Competing interests: The authors have declared that no competing interests exist.

1 Introduction

The last decade has seen a deep change in the way scientists investigate and model social systems. The availability of data, generated through interactions with technological devices, allowed researchers to shift their focus, from qualitative to quantitative and computational studies of society [1, 2]. The increasing pervasiveness of always-on technology creates a vast amount of information that closely reflects human activity. This provides insight into the behaviour of people across the levels of their environment, from the individual scale, through groups and communities, to the global sphere, enabling the creation of models with predictive power [3–5]. Data recorded from mobile phones are a target of choice for research of this kind, offering a high granularity and being effectively ubiquitous in our society [6–12].

One of the main approaches to analyse this type of complex data is to model them as a network, i.e., a structure in which connections (edges) link pairs of discrete elements (nodes) [13–15]. In the case of mobile phone data, the nodes usually represent people or geographical locations, and the links indicate the occurrence of communication, such as a call being placed, or an SMS being sent. A particular feature of mobile phone networks is the natural emergence of a community structure [16]. Within a network, communities are groups of nodes whose internal connections are stronger or denser than those that link nodes in different groups.

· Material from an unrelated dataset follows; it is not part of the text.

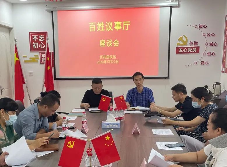 其中“百姓议事厅”作为居民议事平台,关注居民实际所需,形成了每月例会制度。百花社区组织开展居民议事座谈会,分别召集各小区的物业负责人、业委会代表、楼组长代表、居民代表以及老年干部代表,收集居民诉求,根据摸排到的居民急需解决的问题,通过居委会、物业、业委会和居民代表“多方共议”联动机制共同解决。此外,搭建“百姓议事厅”线上议事平台,实现线上线全覆盖,居民足不出户也能随时随地触网议事。

Many synthetic models and real-world complex systems have a modular structure, whose function and effects on the static and dynamical properties of the system have been extensively studied [17–31]. Techniques for analyzing communities in evolving networks have also been studied in the literature [32]. Previous work has focused on the evolution of communities in networks derived from mobile phone records to investigate the robustness of a person’s social signature [33] or to study the different dynamics of small and large groups [34]. Voting patterns in the United States Senate have also been investigated within the framework of evolving communities, with the aim of capturing both individual and group trends across time [35].

Here, we analyse the community structure of the network induced by mobile phone calls placed and received within the Milan metropolitan area, in northern Italy, over a period of two months, revealing the spatial and temporal patterns in the local communications. We aim to investigate whether communities in a mobile phone network reflect the patterns of our daily lives and behaviour, and whether they carry a signature of socially relevant events. After describing the data sets used in the analysis, we show how communities vary over a single day, a week, and several weeks.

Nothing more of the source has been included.